Un video, un camión oficial y alimentos sociales descargados en un espacio vinculado a su entorno político. Emanuel Gainza quedó UNA VEZ MÁS en el centro de una investigación que expone algo más profundo que un posible desvío: una forma de ejercer poder donde las fronteras entre el Estado, las fundaciones amigas y los recursos públicos aparecen peligrosamente borradas.
El escándalo por el desvío de alimentos destinados a los sectores más vulnerables de Entre Ríos no solo puso bajo la lupa a una red operativa y logística. También colocó en el centro del debate público a un nombre propio: Emanuel Gainza.
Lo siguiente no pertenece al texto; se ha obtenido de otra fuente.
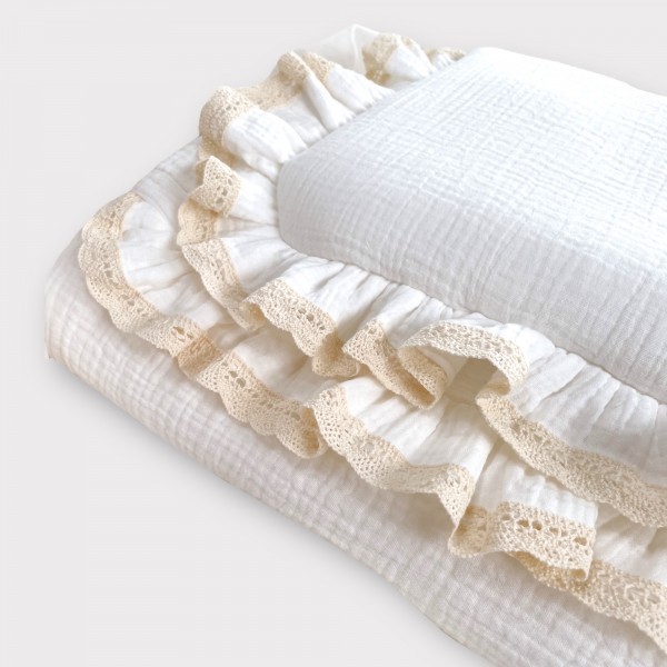 wykonana w 100% z muślinu kreszowanego bawełnianego tzw doubble gauze. Tkaniny w 100% z naturalne bawełniane, certyfikat Oeko-Tex Standard 100 i.

Secretario de Modernización, dirigente con proyección y figura clave del oficialismo provincial, hoy aparece vinculado —al menos políticamente— a una trama que incomoda y exige explicaciones urgentes.
La investigación judicial incorporó un elemento de alto impacto: un video que muestra a un camión identificado con el Ministerio de Desarrollo Humano descargando mercadería estatal en un local vinculado a la Fundación “Hacemos Argentina”, impulsada políticamente por Gainza. La escena es directa, sin disimulos y a plena luz del día. No hay clandestinidad. Hay rutina. Y eso, en política, es una señal de alarma.
Nadie afirma, por ahora, que Gainza haya cometido un delito. Pero tampoco se puede ignorar el contexto. Cuando alimentos destinados a combatir el hambre terminan en espacios ligados al entorno de un funcionario de primera línea, la discusión deja de ser técnica y se vuelve institucional. ¿Qué hacía allí esa mercadería? ¿Quién autorizó el traslado? ¿Bajo qué programa? ¿Con qué controles? Hasta ahora, las respuestas no llegaron.
El silencio del funcionario agrava el cuadro. En una provincia golpeada por la pobreza y la demanda social, callar frente a un hecho de esta gravedad no es una estrategia prudente: es una decisión política. Y las decisiones políticas también se juzgan.
El caso actual no aparece en el vacío. Gainza no es un actor marginal ni un recién llegado. A lo largo de su carrera pública, su nombre ya ha estado rodeado de cuestionamientos, polémicas y sospechas políticas, especialmente vinculadas al uso de estructuras paralelas, armado de fundaciones, manejo de programas y construcción de poder por fuera de los canales tradicionales del Estado. Siempre en el límite. Siempre en zonas grises. Siempre con explicaciones que llegan tarde o no llegan.
Nunca condenado, pero tampoco ajeno a la controversia. Nunca imputado, pero recurrentemente señalado. Esa acumulación de episodios no prueba delitos, pero sí construye un patrón que hoy vuelve a emerger con fuerza: la dificultad para separar lo público de lo propio, el Estado de lo partidario, la política social de la conveniencia política.
El lema de la fundación vinculada a este caso —“Somos lo que hacemos”— se vuelve, en este contexto, casi una ironía cruel. Porque lo que hoy se investiga no es solidaridad transparente ni militancia social genuina, sino la posible utilización de recursos del Estado a través de estructuras afines, sin trazabilidad clara ni controles visibles.
La pregunta de fondo no es solo judicial. Es democrática. ¿Qué modelo de gestión representa Emanuel Gainza? ¿Uno donde el Estado actúa con reglas claras y controles estrictos, o uno donde los vínculos políticos habilitan atajos, zonas liberadas y confusión deliberada?
La Justicia deberá avanzar y determinar si hubo delito. Pero la política no puede esconderse detrás de los tiempos judiciales. Gainza tiene la obligación institucional de explicar qué relación tiene —o no tiene— con los espacios donde apareció la mercadería desviada. No por la causa penal, sino por la salud del sistema democrático.
Porque cuando los alimentos de los pobres aparecen mezclados con fundaciones del poder, no solo se daña una política pública. Se erosiona la confianza social. Y eso, para cualquier dirigente que aspire a futuro, debería ser una mancha imposible de ignorar.